So, I really would like to talk this out... Keep in mind that I'm not trying to make excuses, I'm just explaining my thought process.
So, like the title says, I hit a cat while driving, yesterday. I was on my way to work, and it jumped out of nowhere before I had time to stop. I swerved, but I definitely felt the tires go over it. It was on a busy street, and I panicked. I stopped and checked in my mirror to see if it was moving, but someone had pulled up behind me and stopped their car to check on the cat. Here's where I messed up. I know I SHOULD have gotten out of the car, checked for tags, called a vet, SOMETHING, but I got really scared. I've dealt with a lot of abuse (mostly verbal), and I am absolutely terrified of conflict. If that person hadn't stopped, I would have gotten out, but the fact that someone else was there made me really nervous... So I kept driving. And I feel like the WORST person in the world. I mean, I know that's an exaggeration, but it's how I feel. I can't believe myself! I've stopped traffic to move a dumb bird out of the road for goodness sake, but I can't stop for a cat that I hit?! Of course, there was also the fact that I was late for work, which I won't lie about. They just lost a few employees and I KNOW my boss is on a short fuse, and like I said, I was really scared. I came back by after my shift to see if the cat had been moved, or if any of the houses still had their lights on so I could try and find the owner, but the cat was gone and all the houses were dark. I have no idea what to do.

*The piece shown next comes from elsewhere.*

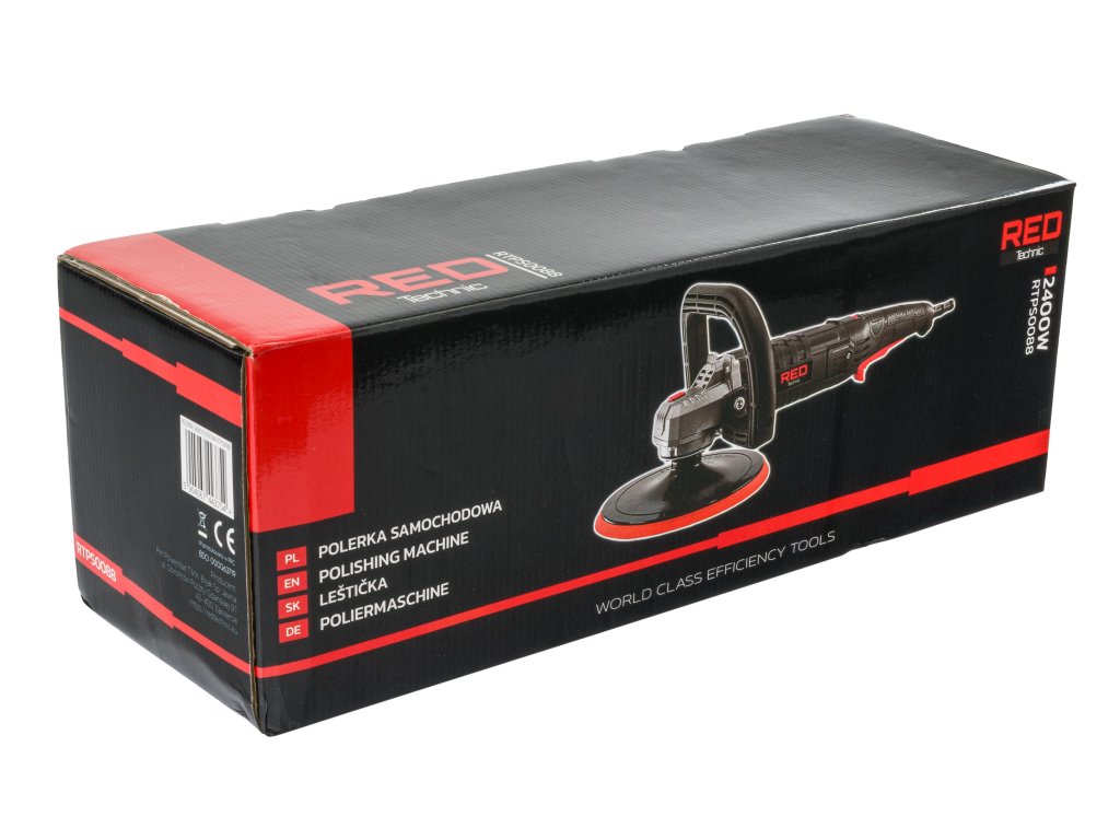 - Snaga od 2400W: Polirka/brusilica Red Technic nudi impresivnu snagu od 2400W, što omogućava učinkovito poliranje i brušenje površina vozila, jamčeći profesionalne rezultate u kratkom vremenu.

I know I can't blame myself for hitting the cat. There was literally nothing I could have done to change that. I'm more upset with the fact that I didn't get out of my car. I'm the jerk everyone talks about who can't even stop after hitting an animal. I'm that person.
I'm hoping that the poor thing died on impact, and that it was a stray... I know that might sound terrible, but I just can't imagine losing one of my own cats that way. Of course, I'd probably be blaming myself for letting them roam around by a busy street, but a hit and run, regardless of what you've hit, is unacceptable and I don't know how to fix this.
This isn't one of those situations where I can hold on to the fact that I did everything I could, because I didn't.
Has this happened to any of you guys? I mean, have you ever had a similar experience?
Ugh. I just wish I could go back in time and do this whole thing differently.